**Your task**
From the first line of the data below through the line holding "So ging es einen", output each line exactly and leave the pictures out.

**Data shown**
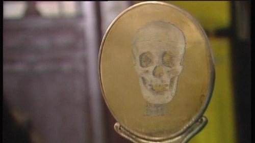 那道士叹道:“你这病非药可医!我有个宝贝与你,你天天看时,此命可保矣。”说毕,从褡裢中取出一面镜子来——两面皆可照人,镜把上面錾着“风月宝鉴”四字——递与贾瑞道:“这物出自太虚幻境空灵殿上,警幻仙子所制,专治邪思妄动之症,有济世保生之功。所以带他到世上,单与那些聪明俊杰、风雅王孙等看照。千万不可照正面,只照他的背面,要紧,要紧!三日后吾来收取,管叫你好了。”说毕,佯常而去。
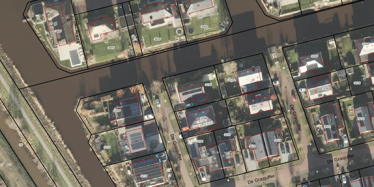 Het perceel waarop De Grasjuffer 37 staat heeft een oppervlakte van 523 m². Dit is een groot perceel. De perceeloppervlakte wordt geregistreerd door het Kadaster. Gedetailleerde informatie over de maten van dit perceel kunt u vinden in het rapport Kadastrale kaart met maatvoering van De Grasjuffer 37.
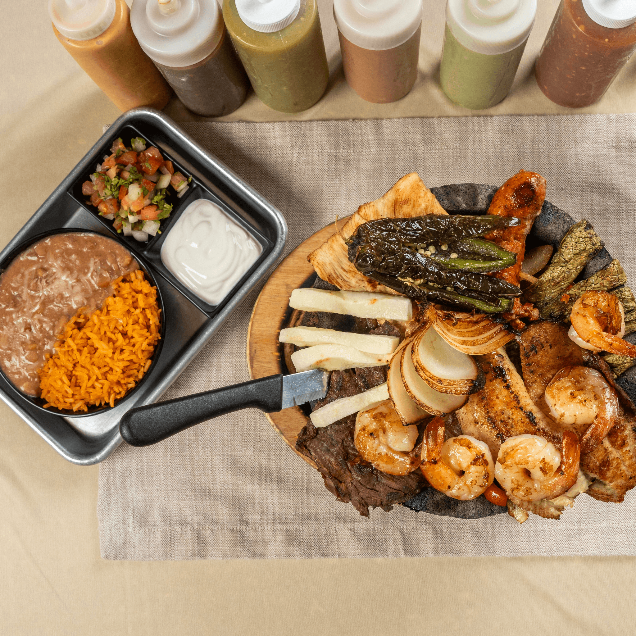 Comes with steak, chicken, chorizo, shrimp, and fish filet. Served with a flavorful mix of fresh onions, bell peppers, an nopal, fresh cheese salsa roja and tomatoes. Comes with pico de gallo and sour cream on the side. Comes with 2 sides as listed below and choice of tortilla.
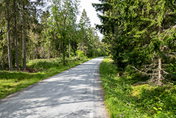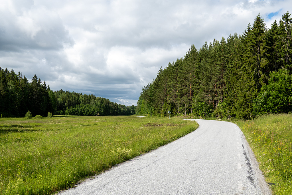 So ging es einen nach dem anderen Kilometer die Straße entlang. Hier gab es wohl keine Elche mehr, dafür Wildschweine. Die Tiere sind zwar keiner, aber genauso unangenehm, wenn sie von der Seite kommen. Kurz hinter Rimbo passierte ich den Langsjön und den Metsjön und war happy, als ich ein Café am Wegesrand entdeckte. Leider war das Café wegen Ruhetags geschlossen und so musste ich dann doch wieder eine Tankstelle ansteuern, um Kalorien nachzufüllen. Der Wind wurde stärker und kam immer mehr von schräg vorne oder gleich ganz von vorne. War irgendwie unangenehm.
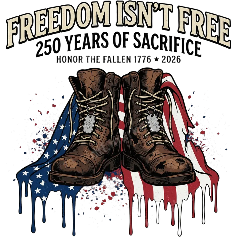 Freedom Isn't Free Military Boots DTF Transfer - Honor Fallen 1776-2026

**Written response**
 那道士叹道:“你这病非药可医!我有个宝贝与你,你天天看时,此命可保矣。”说毕,从褡裢中取出一面镜子来——两面皆可照人,镜把上面錾着“风月宝鉴”四字——递与贾瑞道:“这物出自太虚幻境空灵殿上,警幻仙子所制,专治邪思妄动之症,有济世保生之功。所以带他到世上,单与那些聪明俊杰、风雅王孙等看照。千万不可照正面,只照他的背面,要紧,要紧!三日后吾来收取,管叫你好了。”说毕,佯常而去。
 Het perceel waarop De Grasjuffer 37 staat heeft een oppervlakte van 523 m². Dit is een groot perceel. De perceeloppervlakte wordt geregistreerd door het Kadaster. Gedetailleerde informatie over de maten van dit perceel kunt u vinden in het rapport Kadastrale kaart met maatvoering van De Grasjuffer 37.
 Comes with steak, chicken, chorizo, shrimp, and fish filet. Served with a flavorful mix of fresh onions, bell peppers, an nopal, fresh cheese salsa roja and tomatoes. Comes with pico de gallo and sour cream on the side. Comes with 2 sides as listed below and choice of tortilla.
 So ging es einen nach dem anderen Kilometer die Straße entlang. Hier gab es wohl keine Elche mehr, dafür Wildschweine. Die Tiere sind zwar keiner, aber genauso unangenehm, wenn sie von der Seite kommen. Kurz hinter Rimbo passierte ich den Langsjön und den Metsjön und war happy, als ich ein Café am Wegesrand entdeckte. Leider war das Café wegen Ruhetags geschlossen und so musste ich dann doch wieder eine Tankstelle ansteuern, um Kalorien nachzufüllen. Der Wind wurde stärker und kam immer mehr von schräg vorne oder gleich ganz von vorne. War irgendwie unangenehm.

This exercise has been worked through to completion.